Priska Dipastikan Masuk Tim Indonesia di SEA Games 2019

Priska Dipastikan Masuk Tim Indonesia di SEA Games 2019
Ketua Umum PP Persatuan Tenis Seluruh Indonesia (PP Pelti), Rildo Ananda Anwar bersama petenis junior Indonesia Priska Madelyn Nugroho. ( Foto: Beritasatu Photo / Hendro D Situmorang )
Hendro D Situmorang / JAS Jumat, 3 Mei 2019 | 09:36 WIB

Jakarta, Beritasatu.com - Ketua Umum PP Persatuan Tenis Seluruh Indonesia (PP Pelti), Rildo Ananda Anwar memastikan petenis junior Indonesia Priska Madelyn Nugroho masuk tim tenis Merah Putih pada ajang SEA Games 2019 Filipina mendatang.
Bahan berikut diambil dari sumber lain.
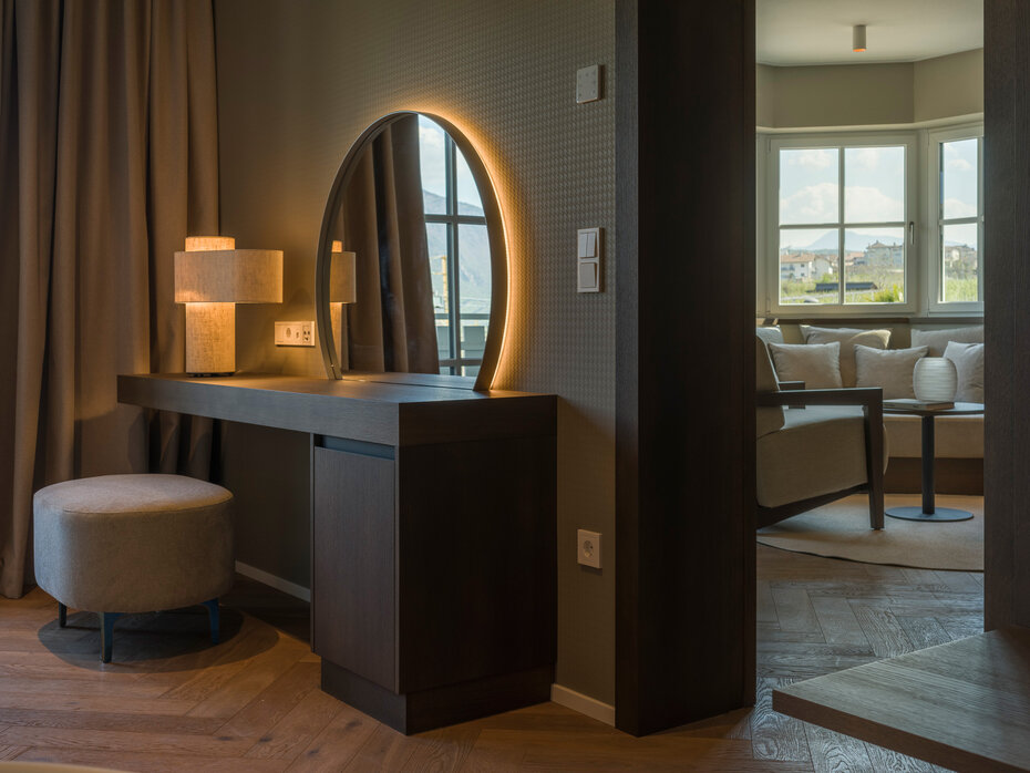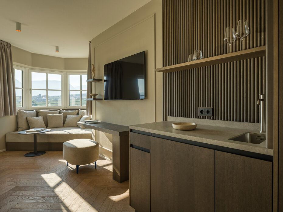Inspiration fand das Gestaltungsteam von ROOM2 in der einzigartigen Atmosphäre der umliegenden Ansitze und Weingärten sowie in der ländlichen Idylle rund um Girlan. Zarte Farben, elegante Linien, viel Liebe zum Detail und mit hochwertigen Materialien: Lingers Suiten und Apartments sind ein stylisher Rückzugsort mit edlem Interieur. Alles en vogue, nichts von der Stange.
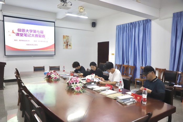 为了鼓励学生养成良好的学习习惯,提高课堂学习效率,同时为同学们提供一个展示和交流学习成果的平台,5月22日,我院于仰恩大学普照楼法律诊所成功举办第七届课堂笔记大赛复赛。此次大赛分别邀请到beat365官方网站学生会负责人张传奇、beat365官方网站团委书记吴姗姗、beat365官方网站网络工作室负责人周奕、beat365官方网站学务秘书汪明作为评审员,22级、23级、24级同学积极参与比赛。
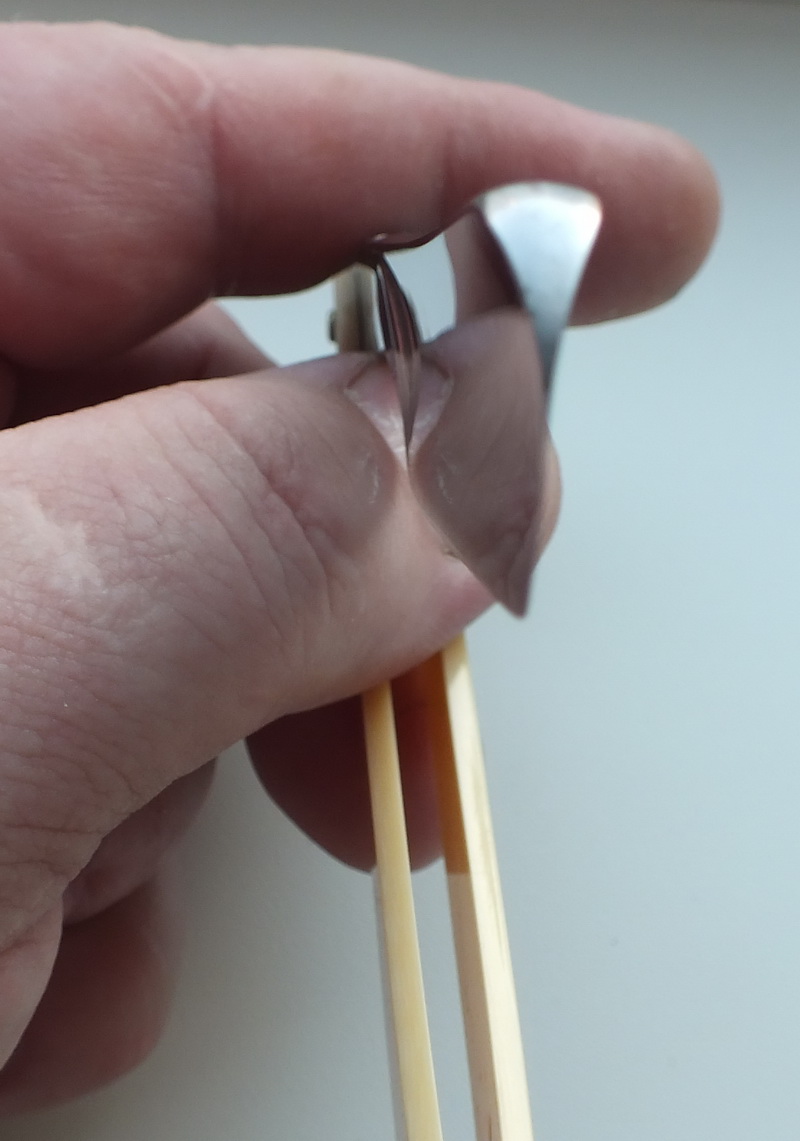 Оправа пластик. Клинок 3/8, вогнутость почти клин, размер 135х12,5х3,8 мм.

“Priska sudah dipastikan masuk di SEA Games 2019 karena memang dia pemain junior yang punya talenta cukup baik dengan menembus Wimbledon Junior 2019,” katanya di Lapangan Tenis Gelora Bung Karno (GBK), Senayan Jakarta, Senin (15/7/2019)

Walau Priska masih junior tetapi prestasinya saat ini cukup membanggakan. Apalagi dia berhasil bisa menjadi salah satu dari dua petenis Indonesia yang bertanding di Wimbledon 2019 serta menembus babak perempat final, yang sudah cukup untuk bisa menjadi syarat turun berlaga di SEA Games 2019.

Terlebih saat ini, petenis berumur 16 tahun itu berada di peringkat 32 ITF junior. Terkait seleksi atlet tenis yang akan maju di SEA Games 2019, Rildo mengungkapkan akan dilakukan monitoring dan evaluasi terhadap petenis-petenis Indonesia yang dinilai mempunyai prestasi yang baik.

Ia mencontohkan petenis Rifanty Kahfiani yang beberapa waktu lalu mengalahkan seniornya, Jessy Rompies pada Pertamina 25K Women's Circuit 2019 dan dinilai Rildo merupakan hal yang mengejutkan sehingga Rifanty dinilai layak untuk turun di SEA Games 2019.

Priska pun mengaku senang jika namanya menjadi pertimbangan PP Pelti. Ia semangat membuktikan bahwa dirinya tak kalah saing dengan pemain senior seperti Aldila Sutjiadi, Beatrice Gumulya, dan Jessy Rompies.

Sepulang dari London, Priska langsung tancap gas latihan untuk persiapan di ITF Women's Junior J1 Nanjing, Tiongkok, 30 Juli-4 Agustus. Pengalaman yang telah didapatkannya di ajang Grand Slam, yakni Australian Terbuka, Prancis Terbuka, dan Wimbledon, akan dijadikan pelajaran berharga.

"Pelatih meminta untuk meningkatkan agresivitas karena pola bermain menyerang diakui sudah menjadi ciri khas saya dan harus dipertajam lagi agar bisa mematikan lawan," ungkap Priska yang melaju hingga perempat final Wilmbledon Junior 2019.

Namun Priska tak mau tinggi hati meski dirinya bakal dijadikan pertimbangan untuk masuk squad Merah Putih menuju SEA Games 20019. Ia menyerahkan keputusan tersebut ke PP Pelti. Fokusnya kini adalah berlatih, berlatih dan berjuang semaksimal mungkin menjadi pemain elite top dunia.